In the afterword to the paperback edition of his book, Young gets confused, thinking that because the Enquirer pursued his former boss, all of today’s candidates face “extreme scrutiny.” He writes, “The National Enquirer and other media outlets that chase stories about the character of our leaders are doing us a service.”
What other media outlets?
He goes on, “It’s far better for us to find out about a politician’s troubles and deal with them directly. Otherwise, a candidate or public official could be blackmailed by those who know his or her secrets.”
Good point. So why not apply it to other “progressive” candidates?
He proceeds to call for “transparency” about politicians. “If you have skeletons in your closet, clean them out and tell the truth about them,” he says. He then credits Barack Obama for admitting that he had been a drug abuser and so he was “elected president.”
Obama was elected because the financial system collapsed in September 2008 and many voters decided that Mickey Mouse was preferable to the Republicans who had already voted for big bank bailouts under President Bush as a phony solution. Hedge fund managers such as George Soros, a major supporter of Obama, precipitated the crisis by selling short on the housing market.
Obama has still not come clean about (1) the circumstances surrounding his birth, (2) his religion, (3) his relationship with Communist Party member Frank Marshall Davis, and (4) his relationship with former communist terrorists Bill Ayers and Bernardine Dohrn.
These are just a few of the issues he has not been “transparent” about. So the fact that he admitted smoking marijuana and using cocaine is almost beside the point.
The tragedy is that while Edwards has faded into obscurity and reportedly now hangs out at a North Carolina bar and restaurant, another liberal Democrat named Bill Clinton has survived what Young admits was “his own sexual disgrace and attempted cover-up.” Young reports that Clinton had called Edwards to ask, “How’d you get caught”
In other words, the only thing wrong about adultery is getting caught.
Despite being caught lying about a sexual affair with a former White House intern named Monica Lewinsky, Clinton today is considered an elder statesman of the Democratic Party and is much in demand for liberal candidates around the country.
If there were an honest and objective press, he would be described in media reports these days as the disgraced former president.
In regard to Edwards, Young admits watching him tell a “thousand different lies, ostensibly in the service of some greater good,” but finally recognized that the candidate “didn’t care about anyone other than himself” and was “deeply flawed.”
But Young is flawed as well, concluding in his afterword that the major solution to such deception is campaign finance reform.
What we need, quite clearly, are candidates with moral integrity and character.

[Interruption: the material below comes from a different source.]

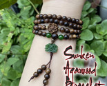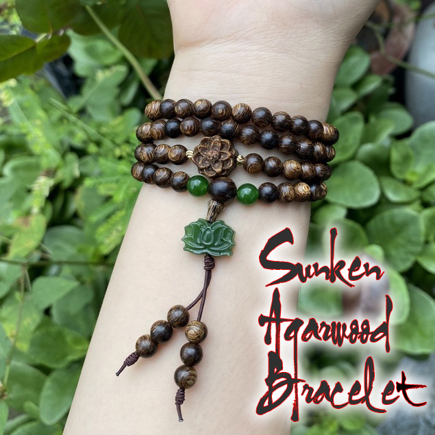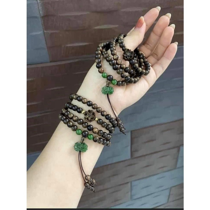 108 Bead Sunken Agarwood Bracelet with Lotus & Green Stone, Size 6/7/8mm
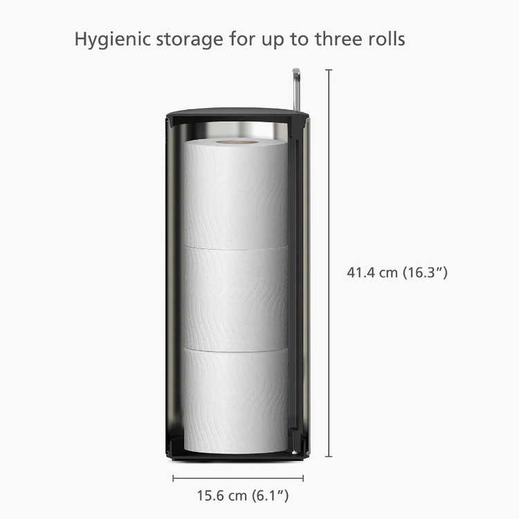 Holds up to three extra toilet rolls and keeps them hidden.

On the matter of the media, Young says that they should expose candidates’ secrets and secret lives but argues, at the same time, that such scrutiny might drive “good people out of the political arena.”
Young has no answer to this admitted paradox.
The obvious answer is that candidates who act morally and tell the truth do not need to fear the media.
The other important lesson, which Andrew Young desperately avoids, is that while Edwards himself may be gone from the political scene, his phony rhetoric lives on. The current White House attack on “tax cuts for the rich” is proof of that.
Now drinking beers at a North Carolina bar and grill, Edwards must be watching the Obama White House with envy. If not for the fact that his appetite for sex was just as great as his desire for money and power, he might be sitting in the White House today spouting similar rhetoric.